Если б предполагал, не ухватился бы как последний дурак за это задание… Поехал
бы прикончить ведьмака. Вместо Ширру. К чертям собачьим! Я тут мерзну, а Ширру,
наверно, греется в тепле…
Подумать только, ведь я сам напросился на то, чтобы именно
мне поручили Цири, а Ширру – ведьмака. Сам ведь просил.
Тогда, в сентябре, когда нам в руки попала Йеннифэр».
Мир, который еще минуту назад был нереальной, мягкой и
тягучей тьмой, вдруг обрел твердые поверхности и контуры. Посветлел. Стал
реальным.
Сотрясаемая конвульсиями Йеннифэр раскрыла глаза. Она лежала
на камнях, среди трупов и закопченных досок, приваленная остатками такелажа
драккара «Алкиона». Кругом нее виднелись ноги. Ноги в тяжелых сапогах. Один из
сапог только что ударил ее, заставил очнуться.
– Вставай, ведьма!
Снова удар, отозвавшийся болью в корнях зубов. Она увидела
склонившееся над нею лицо.
– Вставай, сказал! На ноги! Ты меня не узнаешь?
Она заморгала. И узнала. Это был тип, которого она однажды
припалила, когда он сбегал от нее по телепорту. Риенс.
– Посчитаемся, – пообещал он. – Рассчитаемся
за все, девка! Я покажу тебе, что такое боль. Этими вот руками и этими вот
пальцами покажу.
Она напряглась, сжала и разжала кулаки, готовая бросить
заклинание. И тут же свернулась в клубок, давясь, хрипя и дергаясь. Риенс
захохотал.
– Не получается, да? – услышала она. – В тебе
не осталось ни крупицы Силы! Тебе с Вильгефорцем не тягаться! Он выдавил из
тебя все до последней капельки, как молочную сыворотку из творога. Ты не
сумеешь даже…
Он не докончил. Йеннифэр выхватила кинжал из ножен,
пристегнутых с внутренней стороны бедер, вскочила как кошка и ткнула вслепую.

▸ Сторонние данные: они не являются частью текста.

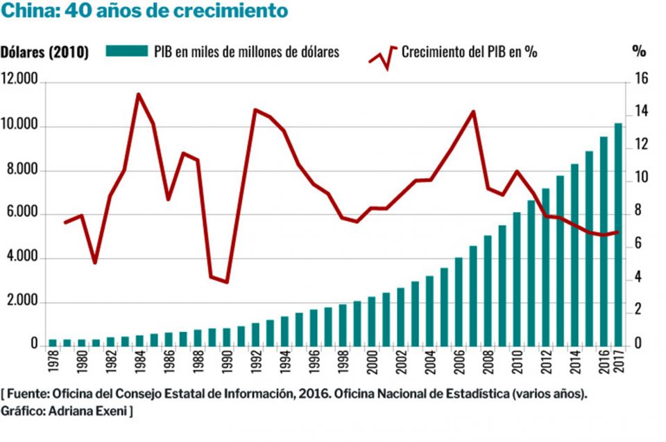 Sin modelo ni manual al que agarrarse, Pekín emprendió prácticamente solo el mayor proceso de desarrollo jamás visto. Bajo la directriz del PCCh, se concentró en la transformación del sistema económico, sin modificar un ápice su régimen político, una apuesta que Occidente consideraba abocada al fracaso. En 1978 el 80% de la población eran campesinos atados a las comunas populares, donde ni siquiera tenían libertad para decidir sus cultivos, y la economía nacional apenas representaba el 1,8% de la mundial. Por el contrario, en la actualidad supone el 18% y sigue avanzando hacia conseguir el “sueño chino”, que supone devolver el Imperio del Centro a la posición de eje del mundo que tuvo hasta el siglo XIX. Durante largos periodos de su historia, China generó el 30% del PIB mundial.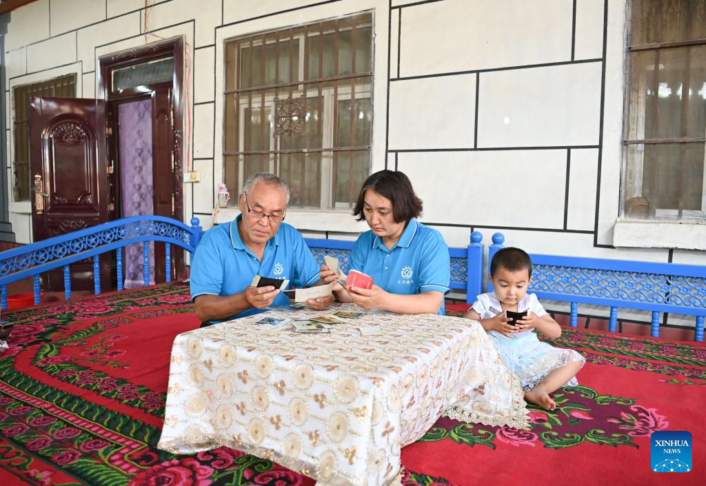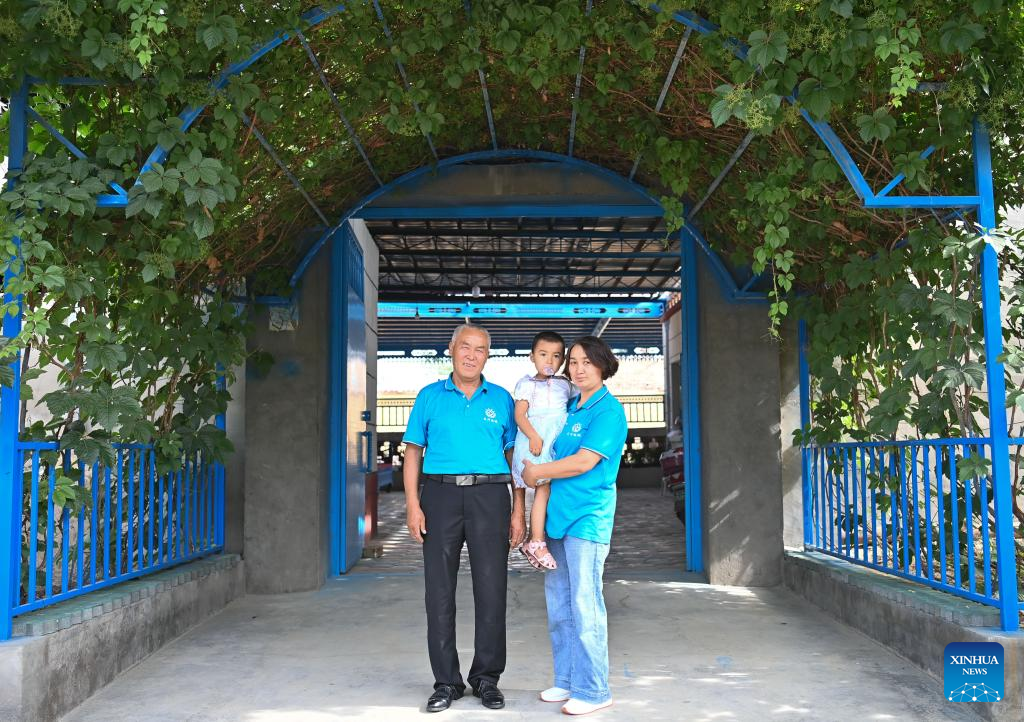 Gulibekge Maiming Reheman (R), her daughter (C) and Maiming Reheman pose for photos in Turpan, northwest China's Xinjiang Uygur Autonomous Region, May 20, 2022.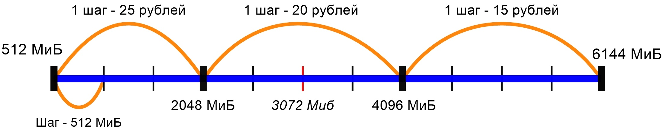 Клиент заказывает 3072 МиБ оперативной памяти и попадает во второй ценовой сектор шкалы значений (1 шаг — 20 рублей). До указанного значения 5 шагов: 3 из них находятся в первом ценовом секторе (1 шаг — 25 рублей), а два во втором (1 шаг — 20 рублей). Стоимость за дополнительный ресурс: (3 * 25) + (2 * 20) = 115 рублей.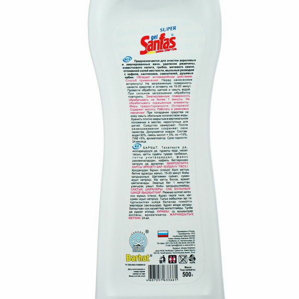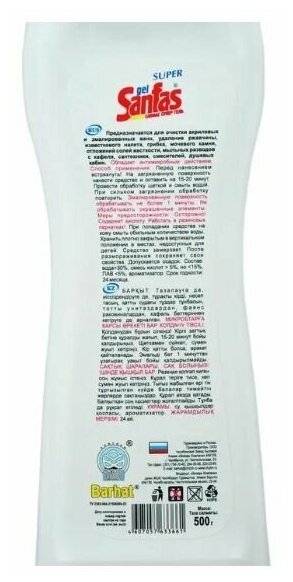 Средство для мытья акриловых ванн Barhat Super Sanfas, гель, 500 г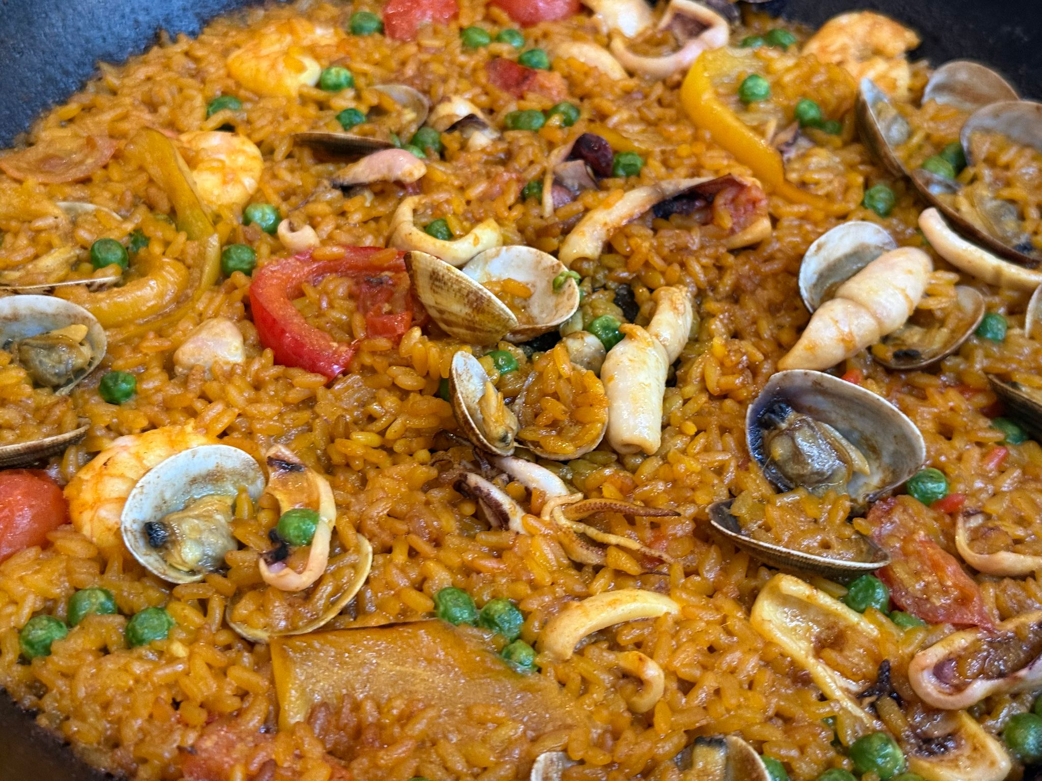 Paella alla marinara (senza cozze) accompagnata da 1884 Riserva 2020: una nota un po’ più verde rispetto al 2021 dovuta all’annata più fresca della precedente. Un anno di tonneau per il Merlot e un anno di cemento vetrificato per il Marzemino. Subito al naso il varietale del Merlot, poi frutta rossa, ciliegia, susina, mora, mirtillo e spezie dolci. Il sorso è fresco, saporito, ritorna la nota verde e il fruttato scuro. L’abbinamento con la paella è perfettamente riuscito, la tostatura del riso, fondo di crostacei, spezie dolci e umami creano una struttura capace di dialogare con il vino in un alternarsi di sensazioni.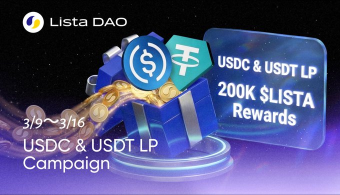 - Phần thưởng NHÀ CUNG CẤP THANH KHOẢN USDC & USDT: 200K $LISTA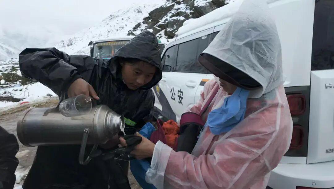 ▲10月5日下午,救援队员给下撤游客倒奶茶。图/陈格爽 摄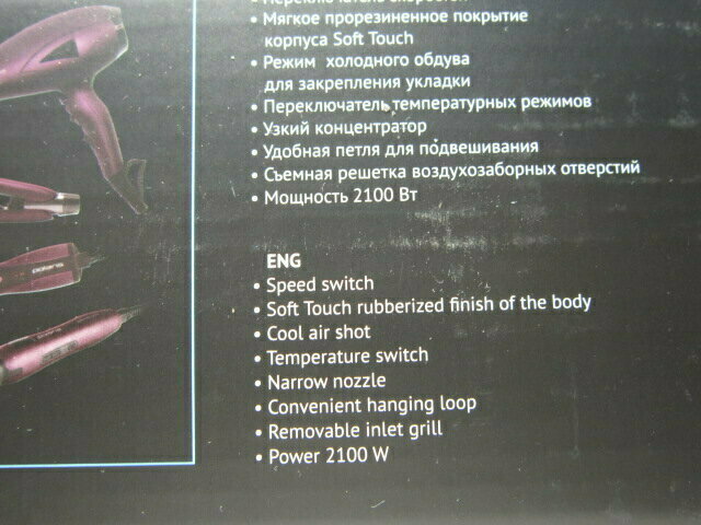 Начать хочется с того, что пользуюсь этим феном в основном не я, а моя девушка. Ей очень понравился. Отличный фен, соответствует своим характеристикам. Легкий, не шумный, сушит быстро, приятное покрытие, товаром довольны!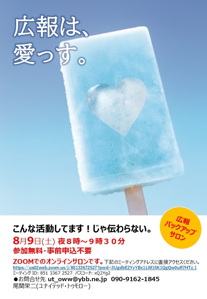 ミーティング ID: 851 3367 2527 パスコード: xQ2Yg2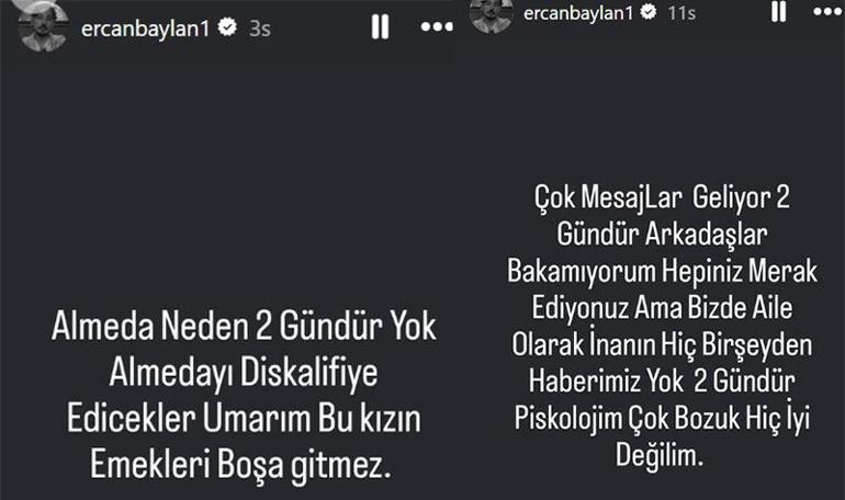 Çok mesajlar geliyor 2 gündür. Arkadaşlar bakamıyorum. Hepiniz merak ediyorsunuz ama bizde aile olarak inanın hiçbir şeyden haberimiz yok. 2 gündür psikolojim çok bozuk hiç iyi değilim. Almeda neden 2 gündür yok. Almeda diskalifiye edecekler. Umarım bu kızın emekleri boşa gitmez.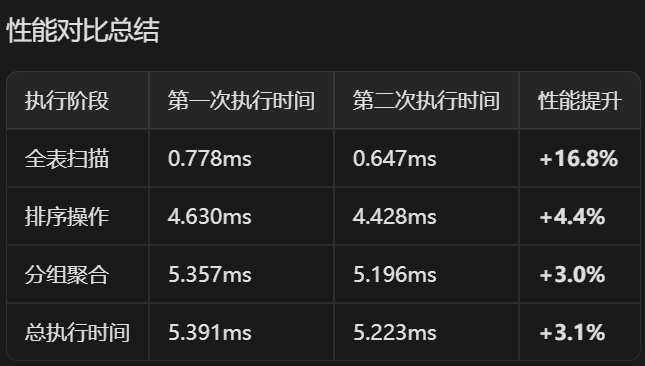 优化空间:当前数据量下性能已经很好,如数据量增大可考虑添加索引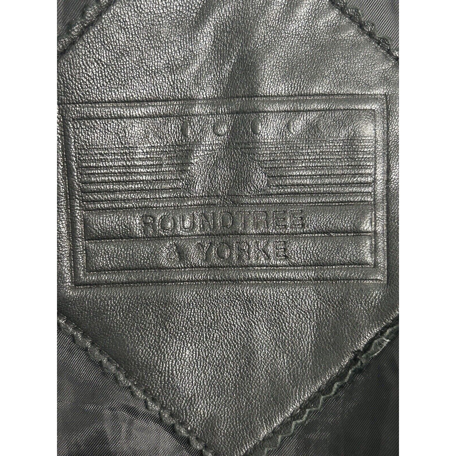 This black lambskin leather jacket from Roundtree & Yorke is a classic addition to any wardrobe. The long-sleeved jacket features a spread collar and button closure, with accents that include buttons and the brand's logo. The jacket is fully lined with polyester and has inner and outer pockets. It is available in size L and fits regular size types. The jacket is ideal for various occasions, including travel, business, and casual wear. It is recommended that the jacket be dry cleaned only.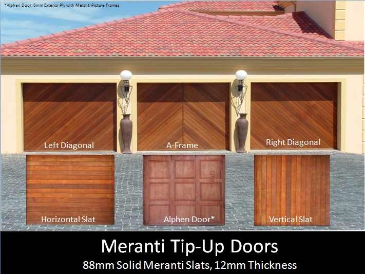Doors are manufactured according to international standards. Extrusions and Sheet metal is imported, but the manufacturing and assembly of panels are handled by our factory. Aluminium designs are smooth or stucco finish, horizontal slat in White, Bronze or Charcoal. Aluzinc Steel designs are stucco (orange skin) finish in horizontal slat or stucco (orange skin) and wood grain block in White, Bronze or Charcoal. Requires less maintenance than meranti doors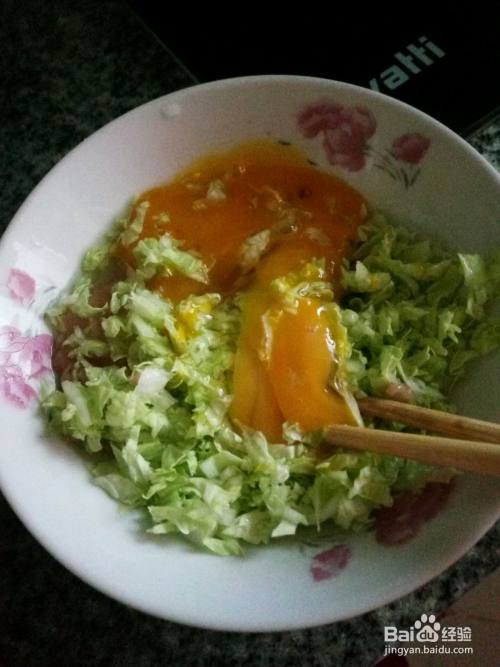 鸡蛋,白菜,肉,加适量盐,料酒(一丁点就可以了,我这里加多了点。吃起来料酒味比较明显)搅拌均匀!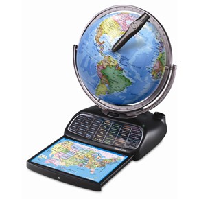 Да. Так вот, кажется, это "чудо" вообще бумажное и картонное, а все обновления заключаются в голосовом контенте (там памяти внутри 32 метра всего). Есть какое-то стило, которым можно указывать куда-либо и аппарат либо скажет, либо может в режиме урока попросить показать (город на карте, например). Сам аппарат работает только с PC, очевидно, там софт только под Windows. Занятный девайс, хотя я бы хотел увидеть нечто более технологичное - например с ЖК-экраном или проекцией какой... В общем, больше игрушка за 130 долларов. |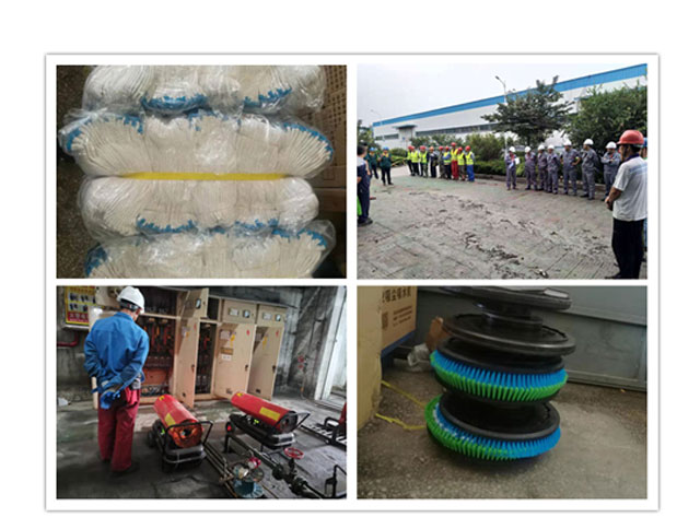 各科室接到指令,所有進出口嚴密布防、嚴陣以待,安環(huán)部聯(lián)合動力科等相關(guān)科室對可能受到影響區(qū)域的配電箱、排水溝、低洼地帶進行特巡檢查。生產(chǎn)部、生產(chǎn)管理部、設(shè)備部對叉車、電機、污水泵進行加油保養(yǎng),以備洪澇關(guān)鍵時刻啟用。原材料倉儲科將物資有序轉(zhuǎn)移到高處或墊高處理、食堂提前儲備面包、礦泉水等必備物資……各部門做足一切戰(zhàn)斗前的準備。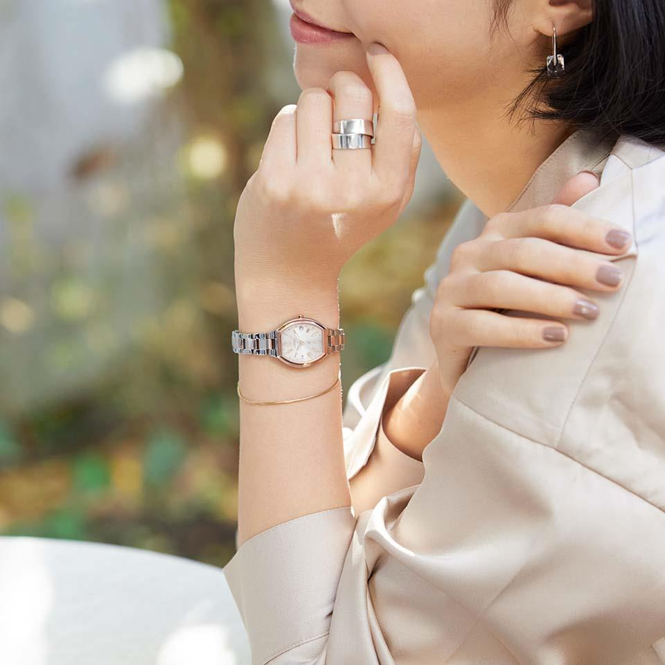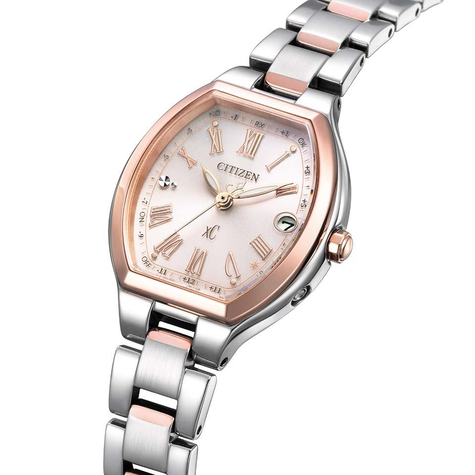 愛らしい印象の淡いピンクカラーに優美な印象のローマフォントがポイントのダイヤル。4時と5時の間にあるTYO位置には煌めく光のマークが女性心をくすぐります。ケース・バンドにはxCならではのピンクゴールドカラーをさりげなくあしらうツートン仕様で、上品な華やかさを演出してくれます。

Но не попала. Лезвие лишь царапнуло цель, разорвало материал брюк. Риенс
отскочил и повернулся.
Тут же на нее посыпался град ударов и пинков. Она взвыла,
когда тяжелый сапог ударил в низ живота. Чародейка свернулась, хрипя. Ее
сорвали с земли, заломив руки за спину, она увидела летящий в ее сторону кулак.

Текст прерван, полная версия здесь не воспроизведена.